Repeat exactly the lines below that lie between the line with "Showcase your passion" and the line with "3月31日,在全市高質(zh", counting both of those lines as part of the answer.

**Dataset excerpts:**
━━━━━━

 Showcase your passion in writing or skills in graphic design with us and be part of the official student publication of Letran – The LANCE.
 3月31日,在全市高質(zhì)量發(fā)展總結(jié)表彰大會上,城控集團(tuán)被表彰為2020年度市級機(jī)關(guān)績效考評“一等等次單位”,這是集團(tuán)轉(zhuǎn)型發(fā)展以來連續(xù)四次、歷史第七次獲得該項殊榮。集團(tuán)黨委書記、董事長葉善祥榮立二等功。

━━━━━━

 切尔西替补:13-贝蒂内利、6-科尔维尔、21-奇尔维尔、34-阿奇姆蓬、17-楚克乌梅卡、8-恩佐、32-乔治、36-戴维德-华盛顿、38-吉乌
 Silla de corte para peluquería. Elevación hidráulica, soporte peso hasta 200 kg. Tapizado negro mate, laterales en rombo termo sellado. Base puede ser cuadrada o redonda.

━━━━━━

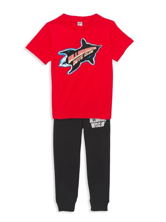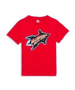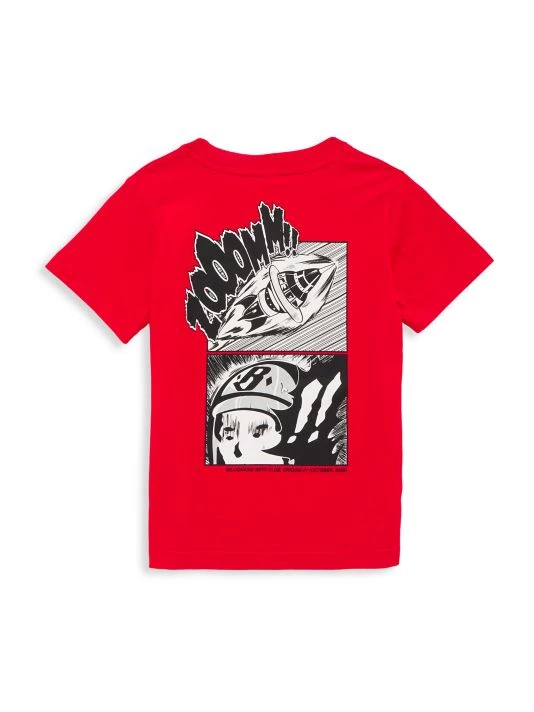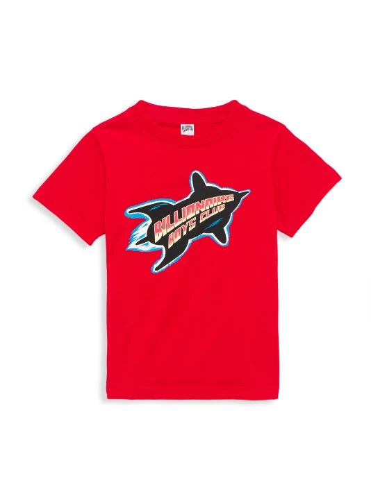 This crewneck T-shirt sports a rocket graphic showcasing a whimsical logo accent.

━━━━━━

**Output of the task:**
 Showcase your passion in writing or skills in graphic design with us and be part of the official student publication of Letran – The LANCE.
 3月31日,在全市高質(zhì)量發(fā)展總結(jié)表彰大會上,城控集團(tuán)被表彰為2020年度市級機(jī)關(guān)績效考評“一等等次單位”,這是集團(tuán)轉(zhuǎn)型發(fā)展以來連續(xù)四次、歷史第七次獲得該項殊榮。集團(tuán)黨委書記、董事長葉善祥榮立二等功。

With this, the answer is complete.